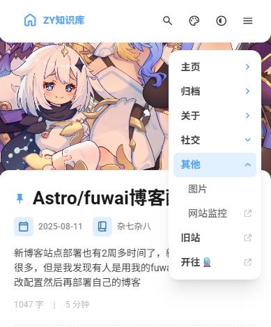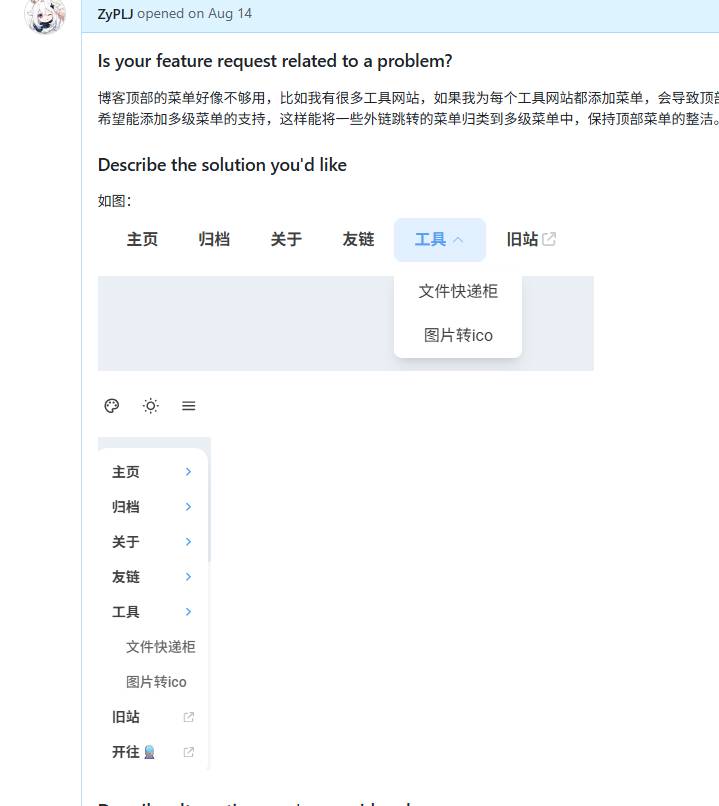 我的旧站也是基于开源项目进行魔改的,旧站的菜单非常之多,迁移到新增后舍弃了很多菜单。因为新博客默认是不支持多级菜单的,我在之前在原作者项目中提过PR,不过这种小功能,作者肯定是没时间去弄的,而且可能不符合作者的设计理念。🤔
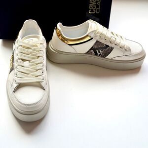 NWT Roberto Cavalli “Cavalli Class” logo hardware white low top sneaker Size 38
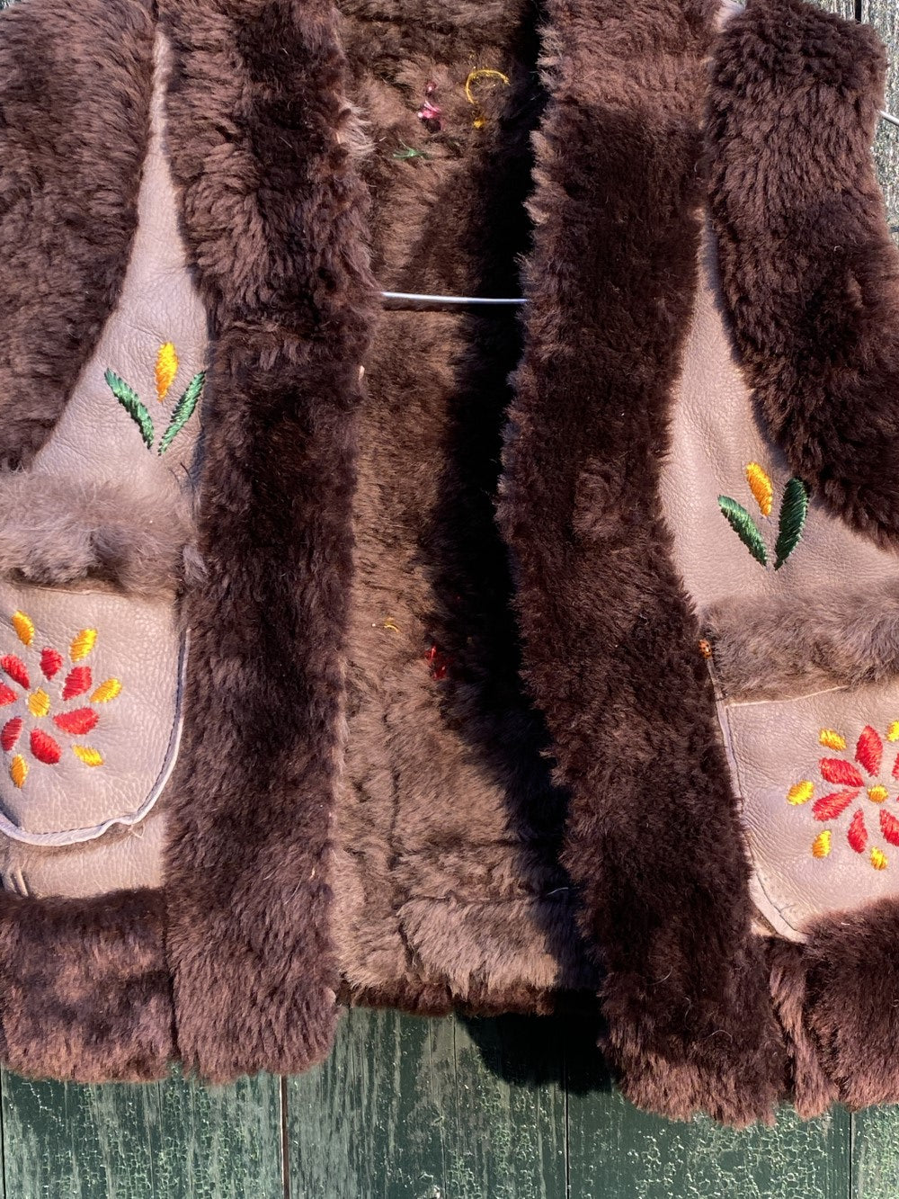 De vesten zijn gemaakt van schapenvacht van verschillende lokale schapenrassen. De meeste materialen zijn restanten van de vleesindustrie. Zo proberen we duurzaam te blijven. De jassen zijn handgemaakte, unieke en one-of-a-kind items. Omdat elk item echter individueel met de hand wordt gemaakt en gemaakt met natuurlijke materialen, kunnen er kleine inconsistenties zijn tussen de items.
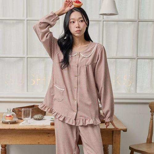 [알콩단잠]국내생산 체크파자마 여성잠옷 선염기모 라운지웨어
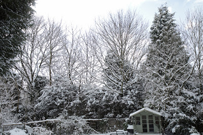 Your garden looks so pretty, you've had a lot of snow haven't you. The owl is beautiful, what a lovely present. You have such lovely people working for you don't you, I bet there was a lot of chatter and tales of nightmare journeys when they arrived. Keep warm and snug.
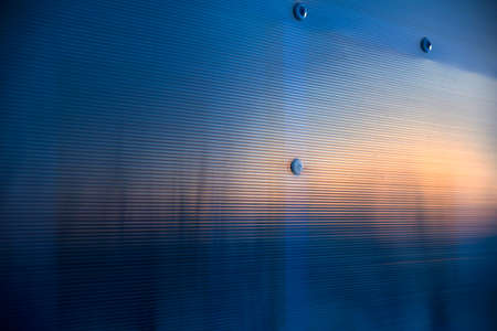 Sunset behind the corrugated iron sheet. Abstract background.

REQUIRED WORK - If a picture falls within the lines from the one containing "De vesten zijn" through the end of the material, leave it out while repeating those lines exactly.

REPLY TO THE EXERCISE -
 De vesten zijn gemaakt van schapenvacht van verschillende lokale schapenrassen. De meeste materialen zijn restanten van de vleesindustrie. Zo proberen we duurzaam te blijven. De jassen zijn handgemaakte, unieke en one-of-a-kind items. Omdat elk item echter individueel met de hand wordt gemaakt en gemaakt met natuurlijke materialen, kunnen er kleine inconsistenties zijn tussen de items.
 [알콩단잠]국내생산 체크파자마 여성잠옷 선염기모 라운지웨어
 Your garden looks so pretty, you've had a lot of snow haven't you. The owl is beautiful, what a lovely present. You have such lovely people working for you don't you, I bet there was a lot of chatter and tales of nightmare journeys when they arrived. Keep warm and snug.
 Sunset behind the corrugated iron sheet. Abstract background.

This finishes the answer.